The breakfast was meagre, but it was much needed, and as the sea had gone down during the night and the morning was beautiful, it was eaten not only in comfort, but with some degree of cheerfulness. While they were thus engaged, Goff looked up and exclaimed suddenly, “Hallo! look here, boys!”
Every one started up and gazed in the direction indicated, where they saw something black floating on the water. The captain, who had taken the precaution before leaving the ship to sling his telescope over his shoulder, applied it to his eye, and in a few seconds exclaimed, “It’s the jolly-boat capsized! Out with the oars, boys—be smart! There’s some of ’em clinging to the keel.”
It need scarcely be said that the men seized the oars and plied them with all their might. Under the influence of these and the sail together they soon drew near, and then it was distinctly seen that three men were clinging to the boat—it followed, of course, that all the rest must have been drowned. Silently and swiftly they pulled alongside, and in a few minutes had rescued Mr Cupples and the steward and one of the sailors, all of whom were so much exhausted that they could not speak for some time after being taken on board. When they could tell what had happened, their tale was brief and sad. They had kept in sight of the long-boat while light enabled them to do so. After that they had run before the gale, until a heavy sea capsized them, from which time they could remember nothing, except that they had managed to get on the bottom of the upturned boat, to which they had clung for many hours in a state of partial insensibility.
Chapter Six.
Describes a Boat Voyage, and Touches on Coral Islands.
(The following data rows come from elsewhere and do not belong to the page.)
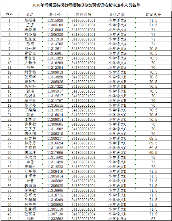 因部分崗位資格復(fù)審考生未按要求提交材料及放棄等原因,按照《安徽省2020年農(nóng)村義務(wù)教育階段學(xué)校教師特設(shè)崗位計劃招聘公告》規(guī)定,現(xiàn)對招聘崗位空缺名額予以遞補(bǔ)(名單附后)。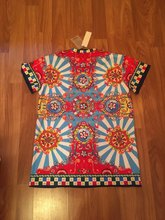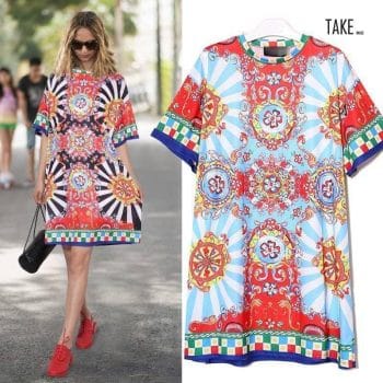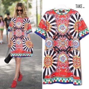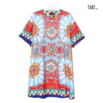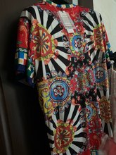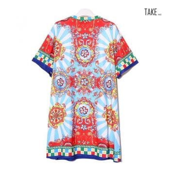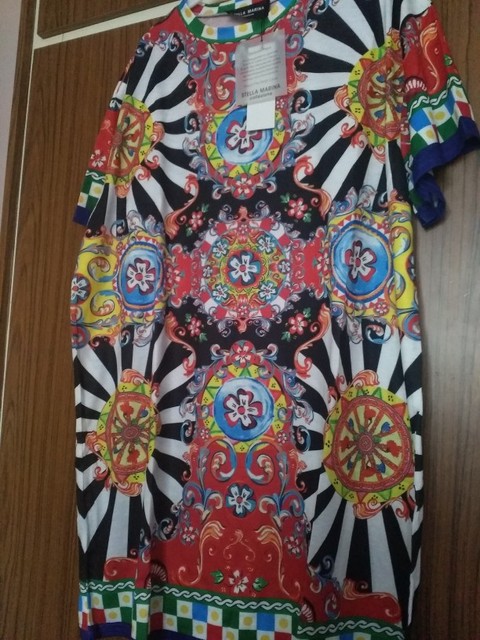 The dress is the same in colorful as the one in the photo. The only negative is that the one size is huge. Too big and resembles a large.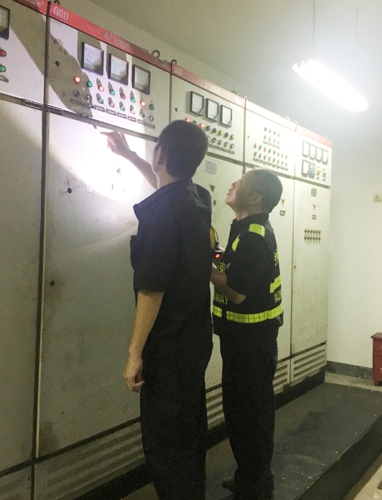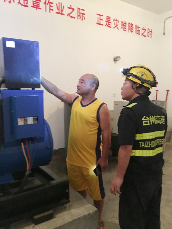 圖為搶修人員查看發(fā)電機運行態(tài)況 然而僅僅過了5個小時,28日凌晨2點20分,臨海南收費所的一通搶修電話將隊員們驚醒,臨海南收費所又斷電了! 凌晨的臨海南收費所籠罩在黑暗中,微風輕輕地吹著,除了蟋蟀的鳴叫,唯有搶修人員的手電偶爾劃破夜空。搶修隊員們很快就發(fā)現(xiàn)了故障原因,這次是市電B相沒電,因為是凌晨,考慮到電力部門外線人員不會來修復,搶修人員決定暫時采用備用發(fā)電機發(fā)電的方式,待天亮后再聯(lián)系供電部門。為了防止臨海南收費所再次陷入斷電困境,維養(yǎng)中心搶修一班班長何小敏從30公里外的張家渡連夜驅車趕到了所里,主動請纓留下來值守,待電力部門恢復正常市電后再回去。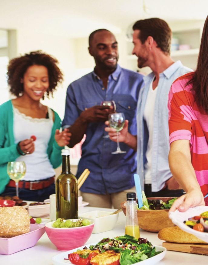 If you have a lot of leftover pantry items at the end of the party, consider taking them to a local soup kitchen, police station or firehouse to spread the holiday cheer.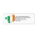 Patriotic IRISH FLAG Return Address Labels, showing combined design of map outline and flag of THE REPUBLIC OF IRELAND plus a shamrock motif. Simply replace the CUSTOMIZABLE TEXT with your address details or text of your choice. Makes a great finishing touch to all your cards and letters. Matching items available.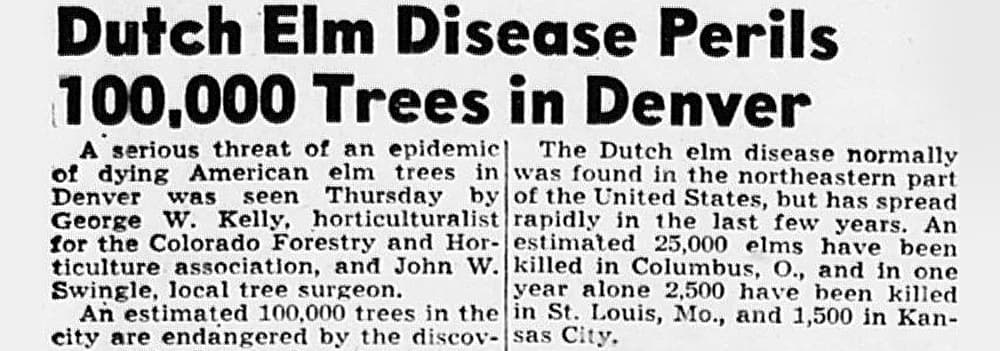 The disease, a fungal infection spread by beetles, was a scourge that led Denver media to report on the issue over and over again. Denver Public Library's Western History Collection has no less than 56 entries in its card catalog dedicated to disease coverage.
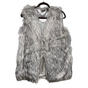 Rachel Zoe Gray Sleeveless Satin Lining Faux Fur Vest Medium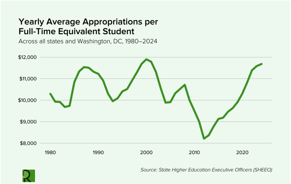 Contrary to what we often think (and what I once thought), the new politics of the neoliberal era did not lead to an overall decline in per-student funding for public colleges. In fact, even in inflation-adjusted terms, per-student funding in 2024 was actually higher than per-student funding in 1980. But funding did become much more volatile and came with more strings attached. With less budgetary flexibility (the result of prohibitions on raising taxes without supermajorities, balanced budget amendments, and the like), state governments began to use cuts to public colleges as a way to deal with shortfalls during downturns, restoring funding only once budgets were safely balanced again. And state governments began to make more funding contingent on colleges’ meeting various metrics of “performance” and/or to provide more funding through student grants rather than direct payment of operating expenses.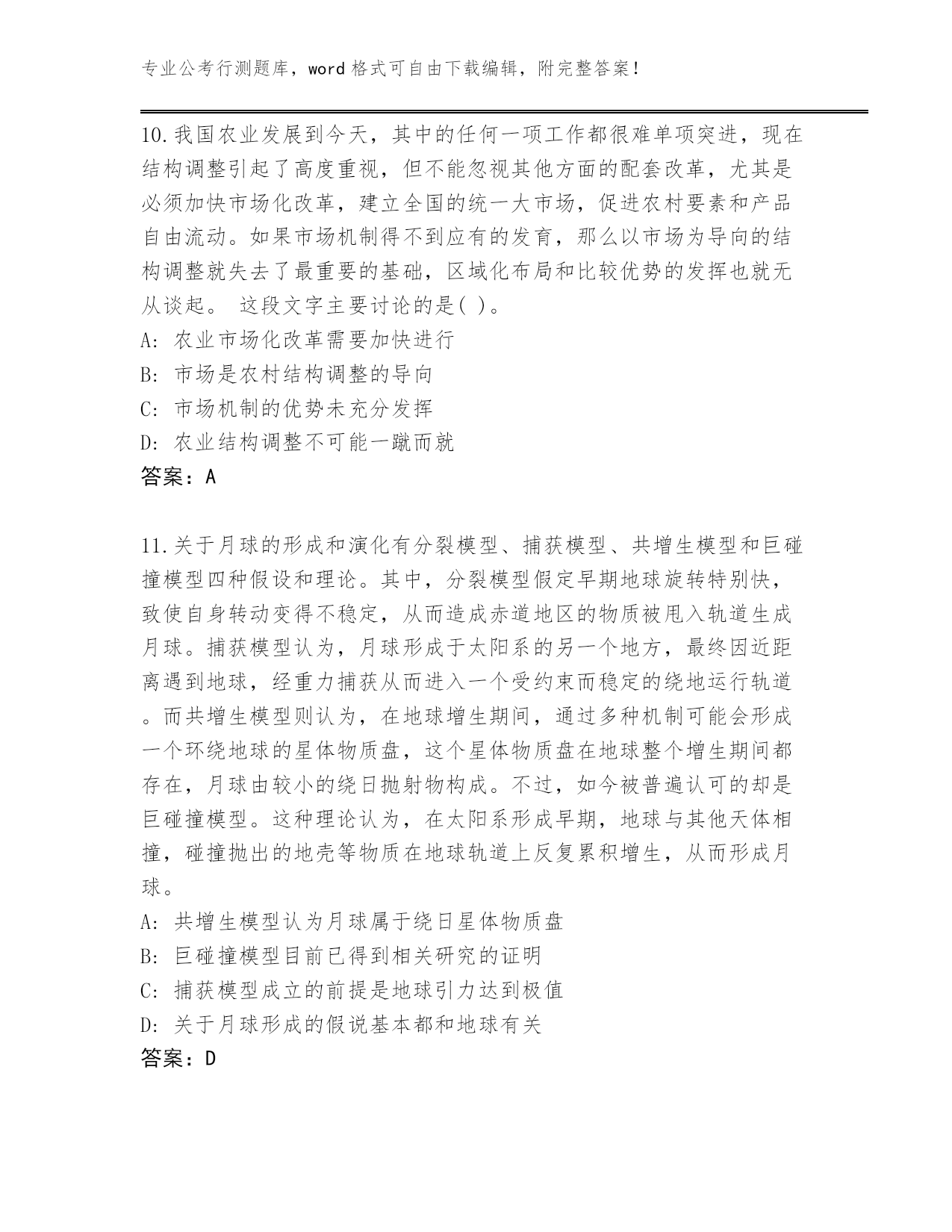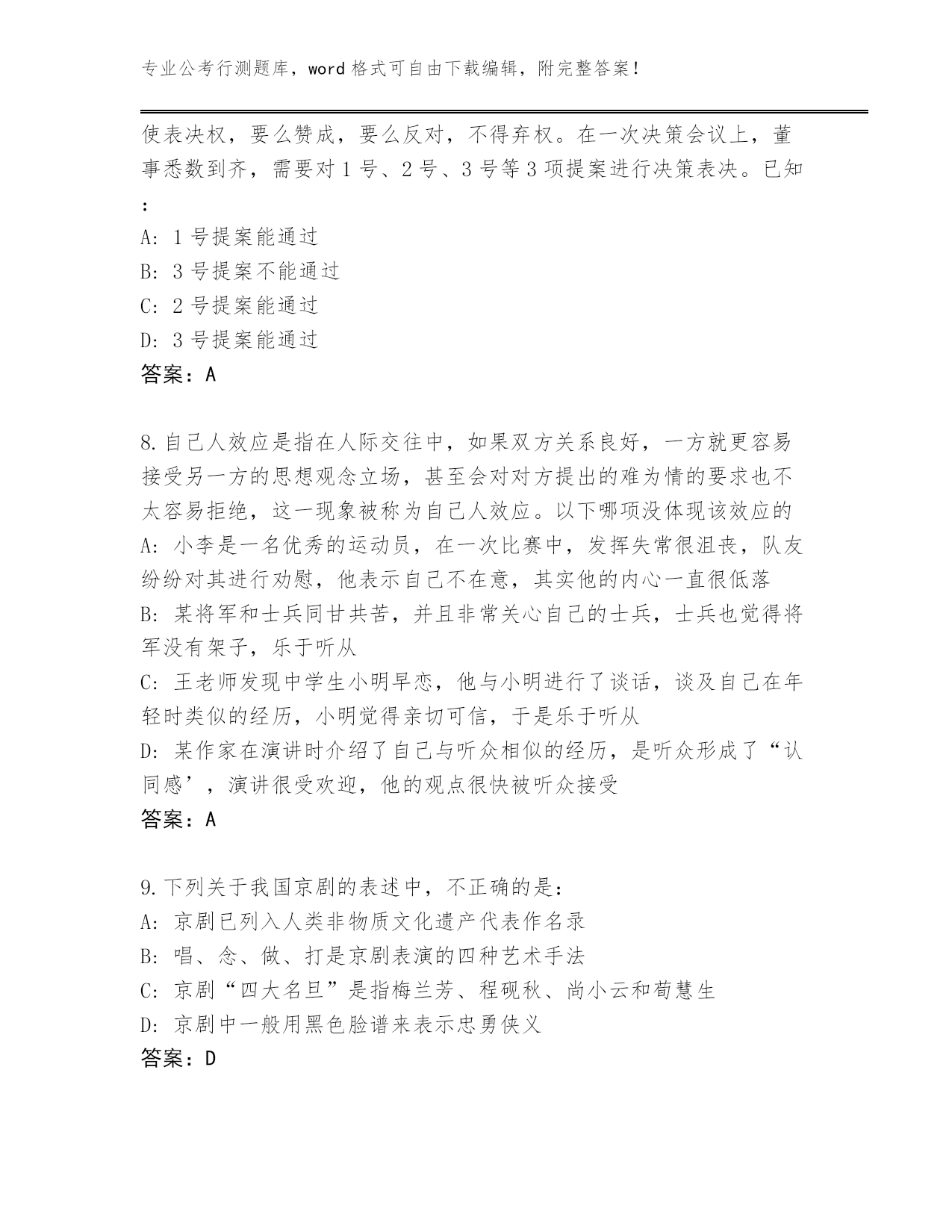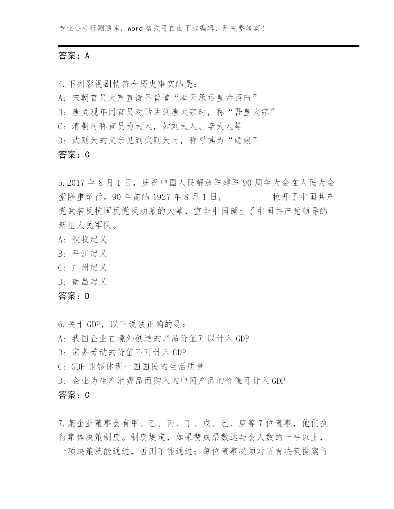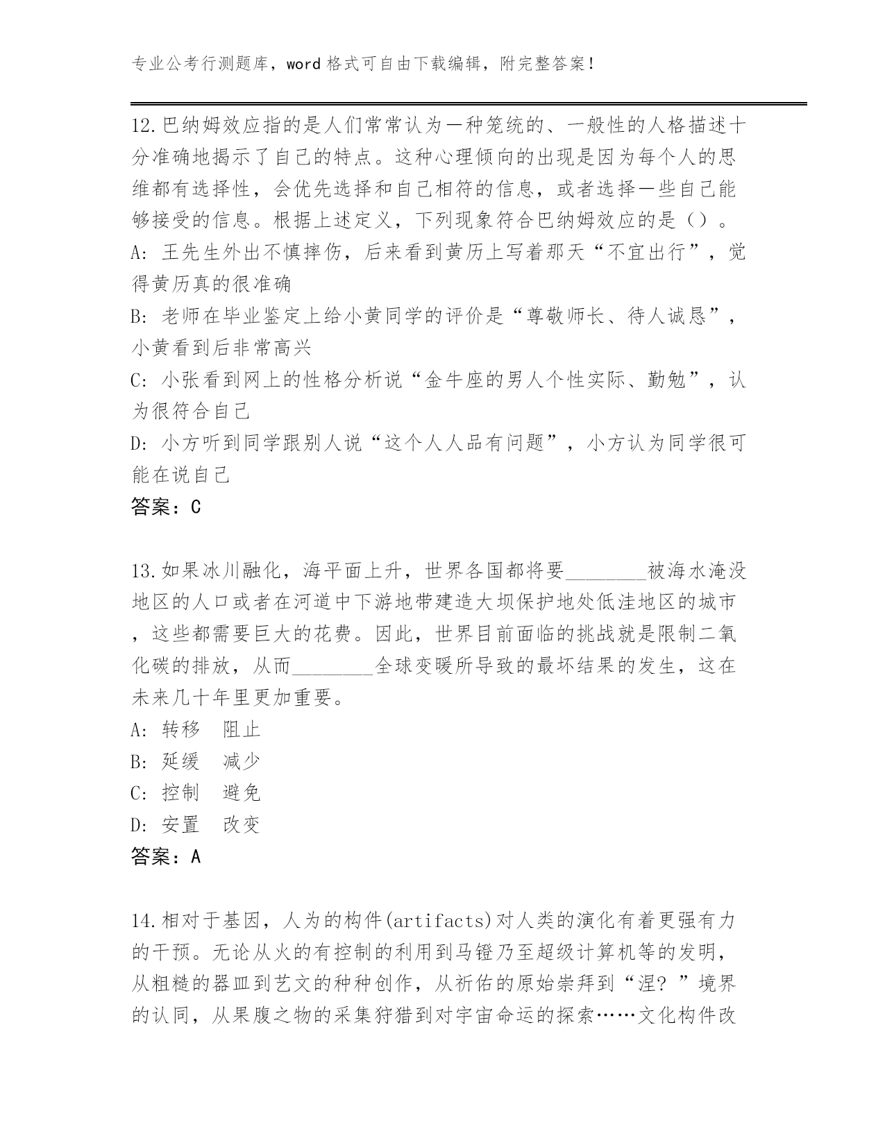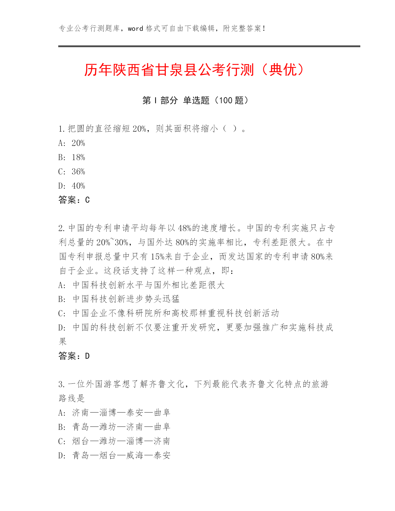 专业公考行测题库,word格式可自由下载编辑,附完整答案!历年陕西省甘泉县公考行测(典优)第I部分单选题(100题)1.把圆的直径缩短20%,则其面积将缩小()。A:20%B:18%C:36%D:40%答案:C2.中国的专利申请平均每年以48%的速度增长。中国的专利实施只占专利总量的20%~30%,与国外达80%的实施率相比,专利差距很大。在中国专利申报总量中只有15%来自于企业,而发达国家的专利申请80%来自于企业。这段话支持了这样一种观点,即:A:中国科技创新水平与国外相比差距很大B:中国科技创新进步势头迅猛C:中国企业不像科研院所和高校那样重视科技创新活动D:中国的科技创新不仅要注重开发研究,更要加强推广和实施科技成果答案:D3.一位外国游客想了解齐鲁文化,下列最能代表齐鲁文化特点的旅游路线是A:济南—淄博—泰安—曲阜B:青岛—潍坊—济南—曲阜C:烟台—潍坊—淄博—济南D:青岛—烟台—威海—泰安答案:A4.下列影视剧情符合历史事实的是:A:宋朝官员大声宣读圣旨道“奉天承运皇帝诏曰”B:唐贞观年间官员对话讲到唐太宗时,称“吾皇太宗”C:清朝时称官员为大人,如刘大人、李大人等D:武则天的父亲见到武则天时,称呼其为“媚娘”答案:C5.2017年8月1日,庆祝中国人民解放军建军90周年大会在人民大会堂隆重举行。90年前的1927年8月1日,__________拉开了中国共产党武装反抗国民党反动派的大幕,宣告中国诞生了中国共产党领导的新型人民军队。A:秋收起义B:平江起义C:广州起义D:南昌起义答案:D6.关于GDP,以下说法正确的是:A:我国企业在境外创造的产品价值可以计入GDPB:家务劳动的价值不可计入GDPC:GDP能够体现一国国民的生活质量D:企业为生产消费品而购入的中间产品的价值可计入GDP答案:C7.某企业董事会有甲、乙、丙、丁、戊、己、庚等7位董事,他们执行集体决策制度。制度规定,如果赞成票数达与会人数的一半以上,一项决策就能通过,否则不能通过;每位董事必须对所有决策提案行使表决权,要么赞成,要么反对,不得弃权。在一次决策会议上,董事悉数到齐,需要对1号、2号、3号等3项提案进行决策表决。已知:A:1号提案能通过B:3号提案不能通过C:2号提案能通过D:3号提案能通过答案:A8.自己人效应是指在人际交往中,如果双方关系良好,一方就更容易接受另一方的思想观念立场,甚至会对对方提出的难为情的要求也不太容易拒绝,这一现象被称为自己人效应。以下哪项没体现该效应的A:小李是一名优秀的运动员,在一次比赛中,发挥失常很沮丧,队友纷纷对其进行劝慰,他表示自己不在意,其实他的内心一直很低落B:某将军和士兵同甘共苦,并且非常关心自己的士兵,士兵也觉得将军没有架子,乐于听从C:王老师发现中学生小明早恋,他与小明进行了谈话,谈及自己在年轻时类似的经历,小明觉得亲切可信,于是乐于听从D:某作家在演讲时介绍了自己与听众相似的经历,是听众形成了“认同感’,演讲很受欢迎,他的观点很快被听众接受答案:A9.下列关于我国京剧的表述中,不正确的是:A:京剧已列入人类非物质文化遗产代表作名录B:唱、念、做、打是京剧表演的四种艺术手法C:京剧“四大名旦”是指梅兰芳、程砚秋、尚小云和荀慧生D:京剧中一般用黑色脸谱来表示忠勇侠义答案:D10.我国农业发展到今天,其中的任何一项工作都很难单项突进,现在结构调整引起了高度重视,但不能忽视其他方面的配套改革,尤其是必须加快市场化改革,建立全国的统一大市场,促进农村要素和产品自由流动。如果市场机制得不到应有的发育,那么以市场为导向的结构调整就失去了最重要的基础,区域化布局和比较优势的发挥也就无从谈起。这段文字主要讨论的是()。A:农业市场化改革需要加快进行B:市场是农村结构调整的导向C:市场机制的优势未充分发挥D:农业结构调整不可能一蹴而就答案:A11.关于月球的形成和演化有分裂模型、捕获模型、共增生模型和巨碰撞模型四种假设和理论。其中,分裂模型假定早期地球旋转特别快,致使自身转动变得不稳定,从而造成赤道地区的物质被甩入轨道生成月球。捕获模型认为,月球形成于太阳系的另一个地方,最终因近距离遇到地球,经重力捕获从而进入一个受约束而稳定的绕地运行轨道。而共增生模型则认为,在地球增生期间,通过多种机制可能会形成一个环绕地球的星体物质盘,这个星体物质盘在地球整个增生期间都存在,月球由较小的绕日抛射物构成。不过,如今被普遍认可的却是巨碰撞模型。这种理论认为,在太阳系形成早期,地球与其他天体相撞,碰撞抛出的地壳等物质在地球轨道上反复累积增生,从而形成月球。A:共增生模型认为月
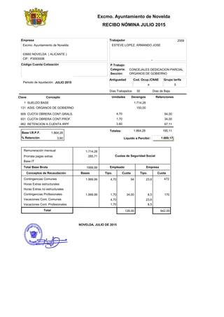 Este documento es un recibo de nómina de julio de 2015 para Armando José Esteve López de Novelda, Alicante. Se detallan los conceptos devengados como sueldo base de 1.714,28€, asistencia a órganos de gobierno de 150€ y las retenciones de la nómina incluyendo la retención del IRPF del 3,6%. El liquido a percibir fue de 1.669,17€.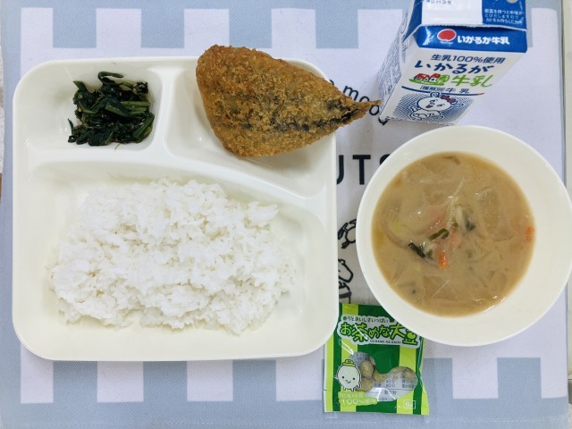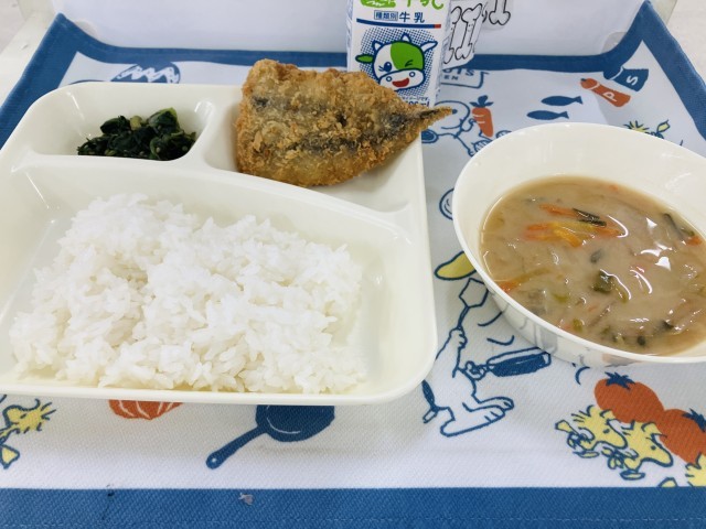 今日の献立は「いわしフライ、みそ汁、ほうれんそうのごまあえ、中学校:まっ茶大豆、ごはん、牛乳」でした。

The gale moderated to a fresh breeze, and all that day the long-boat of the ill-fated Foam flew over the sea towards the west.
“You see,” said Captain Dall, in answer to a question put to him by Will Osten, “I don’t know exactly whereabouts we are, because there was a longish spell of dirty weather afore the Foam went down, and I hadn’t got a sight o’ the sun for more than a week; but it’s my belief that we are nearer to some of the coral islands than to the coast of South America, though how near I cannot tell. Five hundred miles, more or less, perhaps.”
“A mere trifle, sure!” said Larry, filling his pipe carefully—for his was the only pipe that had been rescued from the sinking ship, and the supply of tobacco was very small. Small as it was, however, the captain had taken the precaution to collect it all together, causing every man to empty his pockets of every inch that he possessed, and doled it out in small equal quantities. The pipe, however, could not be treated thus, so it had to be passed round—each man possessing it in turn for a stated number of minutes, when, if he had not consumed his portion, he was obliged to empty the pipe and give it up.